Ответная эпистола была получена после возвращения Помпея в Рим.
Разбуженный ночью, Курион тихо встал, перелез через спавшую Фульвню и полуодетый вбежал в атриум: перед ним стоял усталый гонец, покрытый пылью.
— Эпистола от Цезаря.
— Хорошо. Когда обратно?
— Чуть свет.
— Зайди перед отъездом ко мне.
Читал и перечитывал эпистолу.
Цезарь писал:
«Я благодарен тебе, дорогой мой, за твои труды. Знаю, что плебс любит тебя и бросает тебе цветы при выходе из сената, где ты стеной стоишь за народ. Мне сообщили, что Цицерон отправился воевать в Каппадокию, а Помпей выздоровел, и вся Италия радовалась этому обстоятельству, как милости доброй богини Валетидо; города Кампании устраивали благодарственные молебствия богам и большие празднества, чтобы отметить выздоровление знаменитого мужа. Тебе, конечно, известна лицемерная эпистола Помпея сенату, в которой он изъявляет готовность отказаться от начальствования над легионами, но я уверен, что честолюбивый муж, имеющий законное право на испанские войска сроком на пять лет, не так-то легко откажется от могущественной поддержки воинов. Поэтому, как мне ни жаль Помпея, не оставляй его в покое. Объяви в сенате, что тот из нас, кто приготовит войско для борьбы со своим соперником, — враг отечества».
Курион думал, покачивая головой:
«Цезарь хочет обезоружить Помпея. А сам? Он может быстрее Помпея приготовиться к войне. Притом у него одиннадцать, а у Помпея семь легионов. Неужели возможно столкновение? Очевидно, Цезарь желает мира, иначе он мог бы броситься внезапно на Италию. Но это был бы дневной разбой, а Цезарь хочет соблюсти законность, не вызвать недовольства среди квиритов; оттого он, готовясь к борьбе, ведет переговоры, хитрит, двуличничает».
Прошел в таблинум и, приказав рабыне зажечь светильню и подать вина, принялся составлять на табличках эпистолу. Несколько раз он затирал плоской стороной стила мелкие письмена, выводил новые, опять затирал, и, когда явился на рассвете гонец, скриб кончал переписывать эпистолу на пергаменте.

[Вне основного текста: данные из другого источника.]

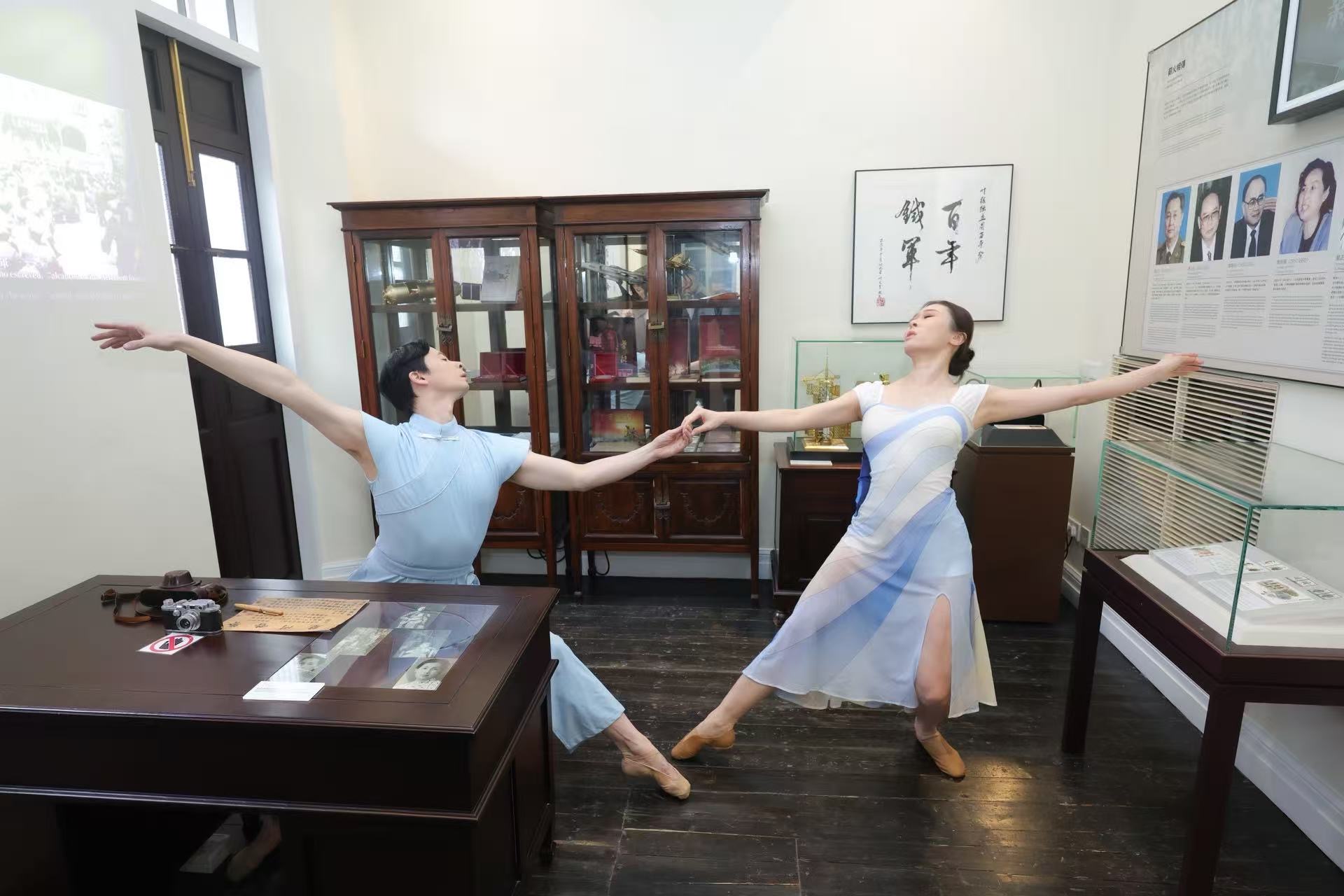 為紀念中國人民抗日戰爭暨世界反法西斯戰爭勝利80周年,澳門現代芭蕾藝術學會於12月14日在葉挺將軍故居呈現沉浸式原創舞劇片段《鐵骨·暗語》,以現代芭蕾的語言,演繹葉挺將軍在澳門歲月中深沉的家國情懷與家庭溫情。中央人民政府駐澳門特別行政區聯絡辦公室、國務院港澳事務辦公室、外交公署及澳門文化界代表蒞臨觀演。

Подарив гонцу несколько серебряных динариев и накормив его на дорогу, Курион спросил:
— Где находился Цезарь, когда ты уезжал?
— Не приказано говорить.
— Как дела в Галлии? Мир или война?
— Не приказано говорить, — повторил гонец, допивая вино.

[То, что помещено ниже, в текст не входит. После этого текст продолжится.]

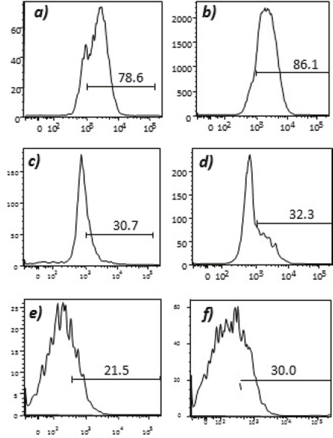 Figure 7: Expression of tumor endothelial markers on umbilical endothelial cells prior to interferon gamma treatment. Purified CD31 endothelial cells were stained with; A. anti-VEGFR2; B. TEM-1; C. Endoglin; D. ROBO; E. FGF-R2; and F. EGF-R. Cells were gated on FSC and SSC and analyzed for the respective markers.

— А что же приказано? — смущенно улыбнулся Курион, удивляясь дисциплинированности воина, и подумал: «С такими преданными легионариями Цезарь непобедим».
— Приказано только молчать, — твердо выговорил воин, низко кланяясь.
Помпей, находившийся в Неаполе, волновался, ожидая событий. Республика была накануне великих потрясений.
Из Галлии пришло известие, что Лабиен, преследуя Луктерия, настиг его и разбил — погиб весь отряд — и только вергобрету удалось спастись: он бежал за Рен к братьям Ариовиста. Галлия была умиротворена, и это беспокоило Помпея.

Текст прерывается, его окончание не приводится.